22nm Ivy Bridge wafer glimpse

22nm Ivy Bridge wafer glimpse At Computex 2011, Mooly Eden, Intel’s vice president and general manager of the mobile platform division, showed the world the wafers of the next-generation 22nm Ivy Bridge processor, but did not release any specific information.

Mooly Eden just said Ivy Bridge will integrate more transistors, but this is basically a "nonsense." The number of transistors in the Sandy Bridge processor quad-core version is 995 million.

Of course, this is a 300mm diameter standard wafer. The approximate number can be found that there are up to 37 cores in the vertical direction and a maximum of 15 in the horizontal direction. The size of a single core is approximately 8.1 x 20 mm, which is 162 mm2. In contrast, the Sandy Bridge quad-core core size for the 32nm process is 216 square millimeters.

Obviously, what is shown here is the Ivy Bridge quad-core version, which integrates 16 graphics execution cores.

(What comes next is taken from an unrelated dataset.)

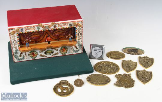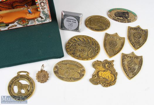 Scratch Built Alan Johnson Fairground Showman Organ Model Shrewsbury Shropshire, a wooden hand painted model with an omega vintage cassette tape player with speakers inside with a cassette of organ music, size 33cm x 17cm x 17cm, plus a selection of brass team steam rally plaques and a Shropshire model club car badge

In fact, the photos of the Ivy Bridge core also revealed one, but I couldn't see any details and only vaguely saw that it was indeed a quad-core.

It is no secret that the 7 series chipsets of the Ivy Bridge platform natively support USB 3.0, but the same support for the Thunderbolt interface is mentioned for the first time. It seems that Intel's reluctance to natively support USB 3.0 is really waiting for its own Thunderbolt.